## EXERCISE
Copy out and return the lines from the one holding "Logo graphics stand" to the end of the listing below, both included, omitting the pictures.

## EXERCISE DATA
──────────────────────────────

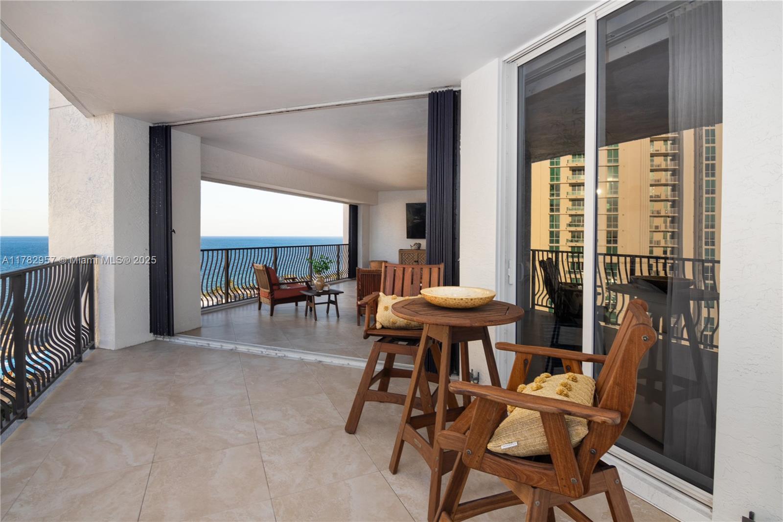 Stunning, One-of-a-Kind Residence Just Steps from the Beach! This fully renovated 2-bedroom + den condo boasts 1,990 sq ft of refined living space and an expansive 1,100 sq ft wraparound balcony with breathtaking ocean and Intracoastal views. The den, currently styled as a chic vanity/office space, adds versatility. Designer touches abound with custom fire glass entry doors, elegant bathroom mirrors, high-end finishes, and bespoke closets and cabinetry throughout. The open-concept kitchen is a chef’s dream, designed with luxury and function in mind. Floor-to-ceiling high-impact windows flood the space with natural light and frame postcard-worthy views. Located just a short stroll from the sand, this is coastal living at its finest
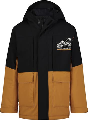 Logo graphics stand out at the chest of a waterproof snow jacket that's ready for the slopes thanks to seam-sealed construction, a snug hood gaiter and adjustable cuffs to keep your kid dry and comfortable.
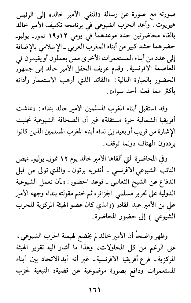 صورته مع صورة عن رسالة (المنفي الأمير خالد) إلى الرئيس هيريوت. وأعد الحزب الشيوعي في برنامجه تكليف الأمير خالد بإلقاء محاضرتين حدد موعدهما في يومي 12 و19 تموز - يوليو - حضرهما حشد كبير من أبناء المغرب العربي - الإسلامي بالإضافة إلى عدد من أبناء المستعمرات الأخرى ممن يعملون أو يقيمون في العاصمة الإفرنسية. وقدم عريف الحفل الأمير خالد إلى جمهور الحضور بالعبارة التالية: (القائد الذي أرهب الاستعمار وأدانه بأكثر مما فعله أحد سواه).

──────────────────────────────

## EXERCISE RESPONSE
 Logo graphics stand out at the chest of a waterproof snow jacket that's ready for the slopes thanks to seam-sealed construction, a snug hood gaiter and adjustable cuffs to keep your kid dry and comfortable.
 صورته مع صورة عن رسالة (المنفي الأمير خالد) إلى الرئيس هيريوت. وأعد الحزب الشيوعي في برنامجه تكليف الأمير خالد بإلقاء محاضرتين حدد موعدهما في يومي 12 و19 تموز - يوليو - حضرهما حشد كبير من أبناء المغرب العربي - الإسلامي بالإضافة إلى عدد من أبناء المستعمرات الأخرى ممن يعملون أو يقيمون في العاصمة الإفرنسية. وقدم عريف الحفل الأمير خالد إلى جمهور الحضور بالعبارة التالية: (القائد الذي أرهب الاستعمار وأدانه بأكثر مما فعله أحد سواه).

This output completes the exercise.